Chemotactic and osmotic signals share a cGMP transduction pathway in Dictyostelium discoideum.

作者信息

Kuwayama H, Van Haastert P J

机构信息

Department of Biochemistry, University of Groningen, Netherlands.

出版信息

FEBS Lett. 1998 Mar 13;424(3):248-52. doi: 10.1016/s0014-5793(98)00183-5.
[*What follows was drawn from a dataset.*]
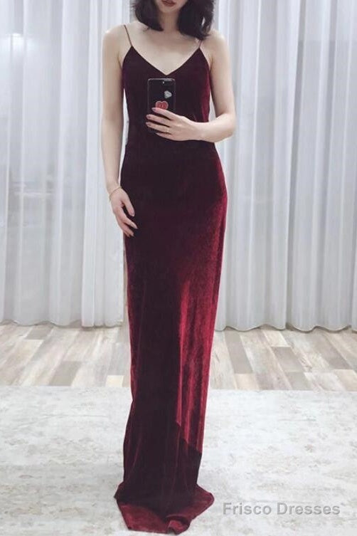 Wine Red Straps Sexy Velvet Evening Gown, Long Party Prom Dresses

DOI:10.1016/s0014-5793(98)00183-5
PMID:9539160
Abstract

In the ameboid eukaryote Dictyostelium discoideum, chemotactic stimulation by cAMP induces an increase of intracellular cGMP and subsequently the phosphorylation of myosin heavy chain II. Resistance to high osmotic stress also requires transient increases of intracellular cGMP and phosphorylation of myosin heavy chain II, although the kinetics is much slower than for chemotaxis. To examine if chemotaxis and osmotic stress share common signaling components we systematically analyzed the osmotic cGMP response and survival in chemotactic mutants with altered cGMP signaling. Null mutants with deletions of cell surface cAMP receptors or the associated GTP-binding proteins Galpha2 and Gbeta show no cAMP-induced cGMP response and chemotaxis; in contrast, osmotic stress induces the normal cGMP accumulation and survival. The same result was obtained with the non-chemotactic mutant KI-10, which lacks the activation of guanylyl cyclase by cAMP. This indicates that these components are required for chemotaxis but not osmotic cGMP signaling and survival. The potential guanylyl cyclase null mutant KI-8 shows no chemotaxis, no osmotic cGMP increase and reduced survival in high osmolarity. Two types of cGMP-binding protein mutants, KI-4 and KI-7, also show reduced tolerance during high osmotic stress. Taken together, these observations clarify that chemotactic and osmotic signals are detected by different mechanisms, but share a cGMP signaling pathway.

摘要

在变形虫真核生物盘基网柄菌中,环磷酸腺苷(cAMP)的趋化性刺激会诱导细胞内环磷酸鸟苷(cGMP)增加,随后肌球蛋白重链II发生磷酸化。对高渗胁迫的抗性也需要细胞内环磷酸鸟苷的短暂增加和肌球蛋白重链II的磷酸化,尽管其动力学比趋化作用慢得多。为了研究趋化作用和渗透胁迫是否共享共同的信号成分,我们系统地分析了cGMP信号改变的趋化突变体中的渗透cGMP反应和存活率。缺失细胞表面cAMP受体或相关GTP结合蛋白Gα2和Gβ的缺失突变体没有cAMP诱导的cGMP反应和趋化性;相反,渗透胁迫会诱导正常的cGMP积累和存活。非趋化突变体KI-10也得到了相同的结果,该突变体缺乏cAMP对鸟苷酸环化酶的激活作用。这表明这些成分是趋化作用所必需的,但不是渗透cGMP信号传导和存活所必需的。潜在的鸟苷酸环化酶缺失突变体KI-8没有趋化性,在高渗透压下没有渗透cGMP增加,存活率降低。两种类型的cGMP结合蛋白突变体KI-4和KI-7在高渗胁迫下也表现出耐受性降低。综上所述,这些观察结果表明,趋化信号和渗透信号通过不同的机制被检测到,但共享一条cGMP信号通路。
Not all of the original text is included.